Liquid Silver Books, $5.50, ISBN 978-1-59578-676-0
Fantasy Erotica, 2010
In modern versions of fairy tales, it is inevitable that somehow, the character formerly cast as the villain becomes reshaped into a not-so-bad person after all. I am tempted to blame this on the popularity of Elphaba, the Wicked Witch of the West, but I suspect that doing so will be oversimplifying the situation.
In Briar Rose, Lila Dubois’s re-imagining of the story of Sleeping Beauty, once upon a time in a fantasy kingdom, four witches attend the celebration of the arrival of the new Princess of the realm into the world. The first three witches are patterned after our benign fairy godmothers, but in this version, their supposedly benevolent gifts to the Princess are designed to impress the King and Queen. Princess Aurora is given the gift of beauty, grace, and obedience.

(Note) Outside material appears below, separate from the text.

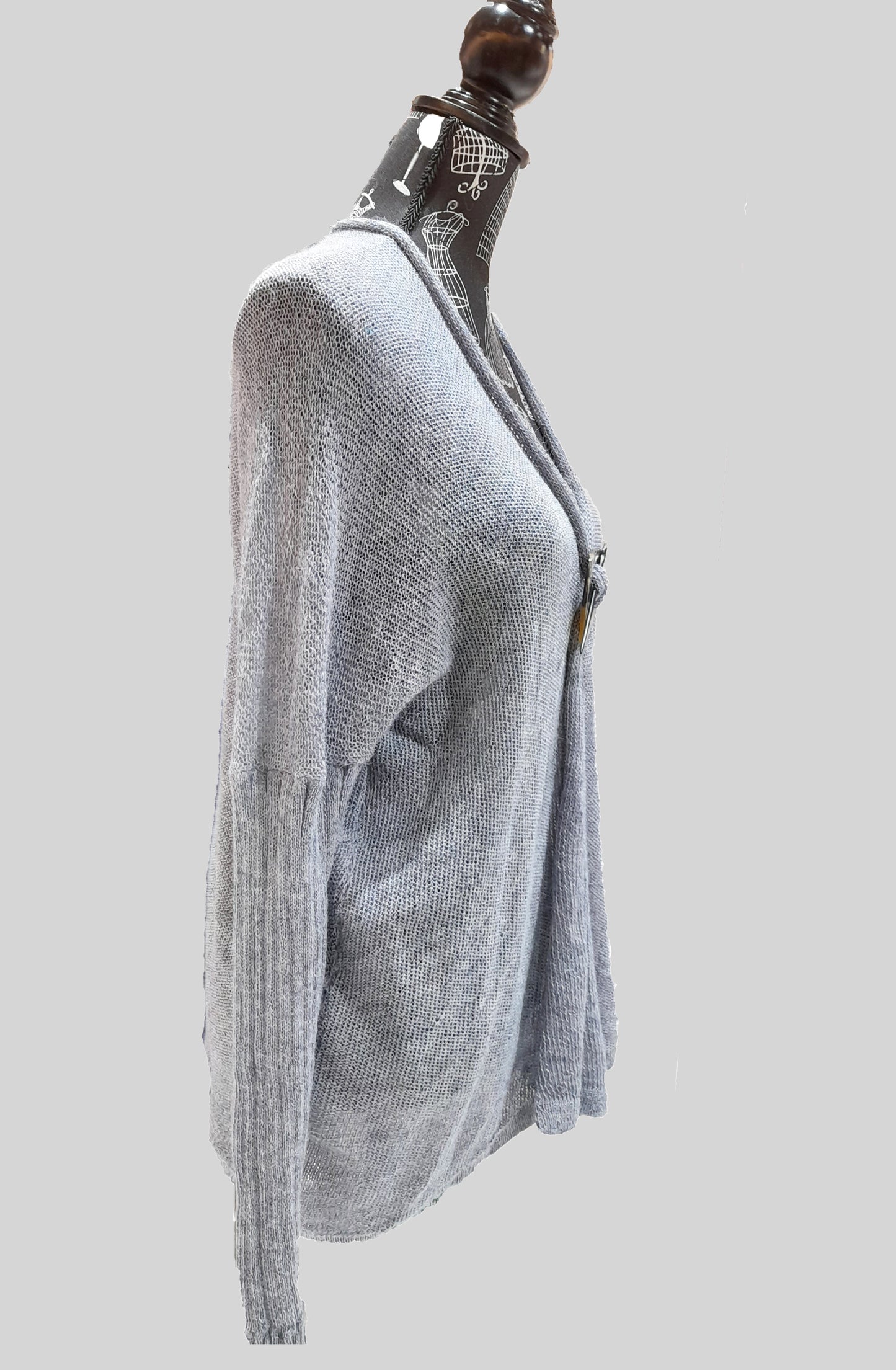 Introducing our open bohemian-style cardigan, exclusive in pale tones suitable for summer climates. It is knitted with a delicate, open jersey stitch in solid colors. It remains open without buttons, draping perfectly in the front. You can add a brooch if you wish. The bohemian style allows you to wear it with a long dress or as a bikini cover-up for the beach. Its long sleeves provide sun protection and make your bikini visible through the cardigan's sheer fabric. The fine blend of baby alpaca and cotton ensures this cardigan doesn't trap heat, making it breathable and exceptionally relaxing

As you can imagine, the gift of obedience is the killer – poor Aurora will be doomed to become a dutiful daughter, having no wishes, desires, or ambitions of her own. The fourth witch, the dark one feared by all, feels compelled to step up and offer a gift of her own to Aurora after listening to the other witches’ gifts. Her gift will be a bracelet of gold for Aurora. This bracelet will bind the other three gifts, and should Aurora prick herself on the thorn of a briar rose and cause her blood to spill onto the bracelet, the other witches’ gifts will be broken. The dark witch considers this gift of hers as the most precious of all, because she has given Aurora the gift to follow her heart’s desire rather than to become the person that other people want her to be.
As the years pass, Aurora grows up to become a dreadfully boring person with apparently no will of her own. Her betrothed, Prince Phillip, thinks of her as nothing more than a puppet who jumps to her father’s every command. He is, needless to say, not looking forward to their upcoming politically-motivated marriage. During a visit, Phillip offers Aurora a briar rose. She pricks her finger on a thorn soon after, and oops. That is how Aurora comes to her senses and spends the next seven years running wild, defying her father and, as Briar Rose, sleeping with every young lad that catches her fancy when she’s not playing pookie with Millie, the dark witch.
The fun starts when the time has arrived for Prince Phillip and Princess Aurora to get married.
Briar Rose is best read as a rather campy feminist version of Sleeping Beauty because the romance is on the half-baked side, with both characters deciding that they are so in love after boinking each other’s brain out. Their romance doesn’t get developed beyond that point – the rest of the plot deals with external conflicts thrown their way when they are not busy shagging. When it comes to letting our heroine become her own woman and making her own choices, the plot eventually takes a few steps backward as well when Aurora eventually decides to play the martyr in the name of love. Cool feminists don’t become martyrs, they kick back the lemons tossed their way.
As a quick read, this one is a well-written and pretty entertaining one with some hot scenes thrown into the mix. But the underdeveloped romance also means that I am not sure whether I can consider this one a good romance story.